- [Provided material]:
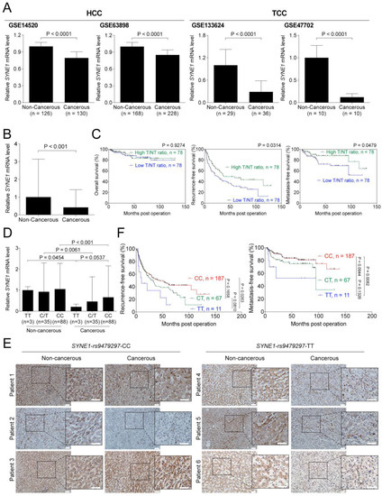 3.4. SYNE1 Expression is Downregulated in HCC and TCC and Associated with Clinical Outcomes in HCC Patients
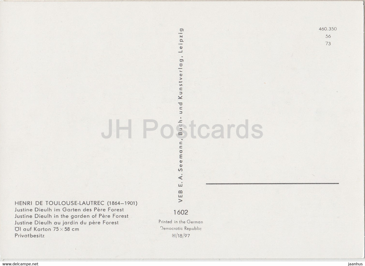 painting by Henri de Touluse Lautrec - Justine Dieulh im Garten des Pere Forest - French art - Germany DDR - unused
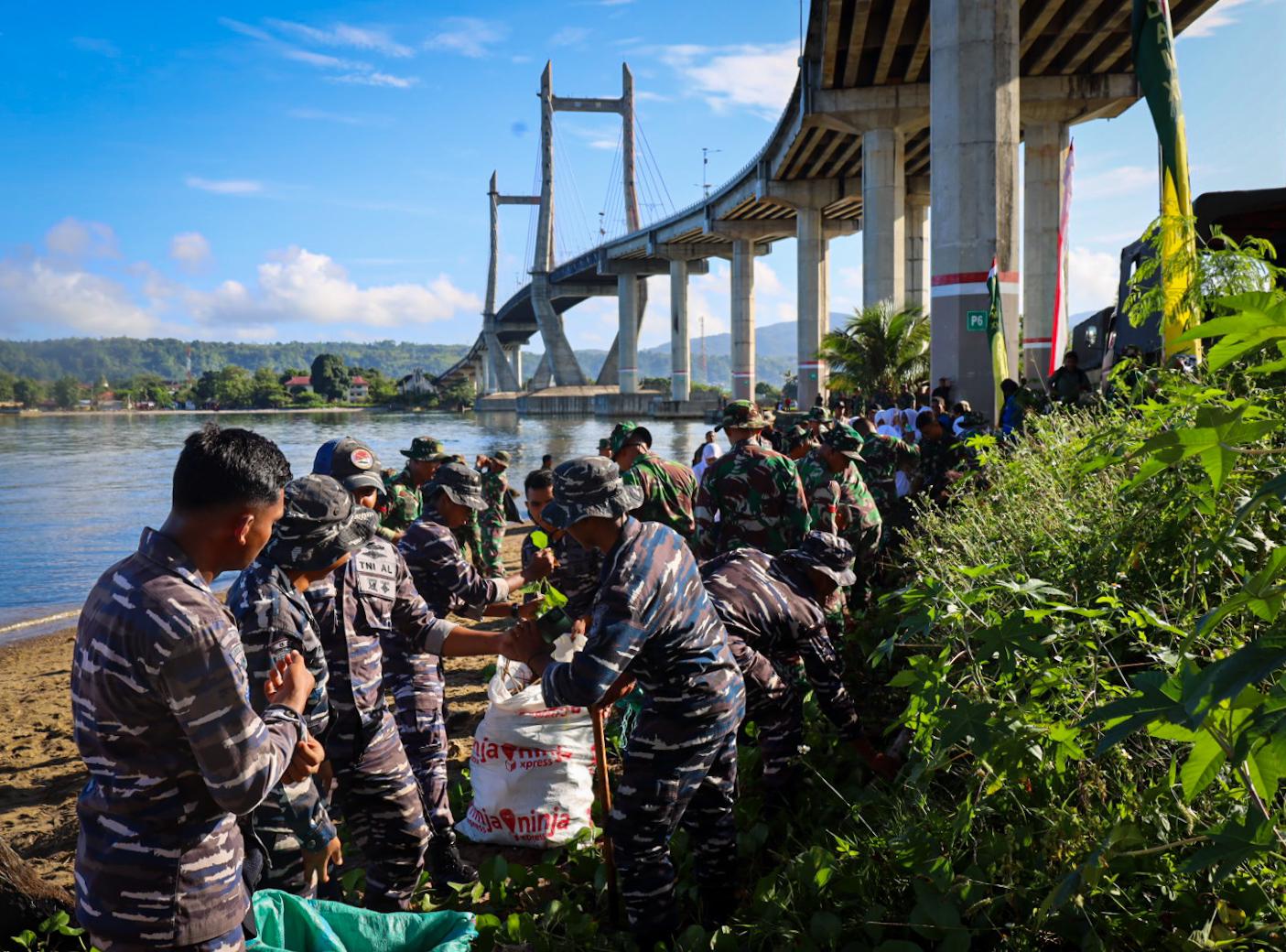 MALUKUEXPRESS.COM, TNI Angkatan Laut. Pangkalan Utama TNI Angkatan Laut (Lantamal) IX Ambon. Brigadir Jenderal TNI (Mar) Suwandi, S.A.P., M.M., diwakili Aspotmar Danlantamal IX Letkol Laut (PM) Dodi S.H., M.H., menghadiri karya bhakti bersih pantai dalam rangka jelang HUT ke 68 Kodam XV Pattimura bertempat di Jembatan Merah Putih, Kota Ambon, Maluku. Kamis (08/05/2025)

- [What is needed]: Return the full listing above verbatim, please, but without its images.

- [Solution to this task]:
 3.4. SYNE1 Expression is Downregulated in HCC and TCC and Associated with Clinical Outcomes in HCC Patients
 painting by Henri de Touluse Lautrec - Justine Dieulh im Garten des Pere Forest - French art - Germany DDR - unused
 MALUKUEXPRESS.COM, TNI Angkatan Laut. Pangkalan Utama TNI Angkatan Laut (Lantamal) IX Ambon. Brigadir Jenderal TNI (Mar) Suwandi, S.A.P., M.M., diwakili Aspotmar Danlantamal IX Letkol Laut (PM) Dodi S.H., M.H., menghadiri karya bhakti bersih pantai dalam rangka jelang HUT ke 68 Kodam XV Pattimura bertempat di Jembatan Merah Putih, Kota Ambon, Maluku. Kamis (08/05/2025)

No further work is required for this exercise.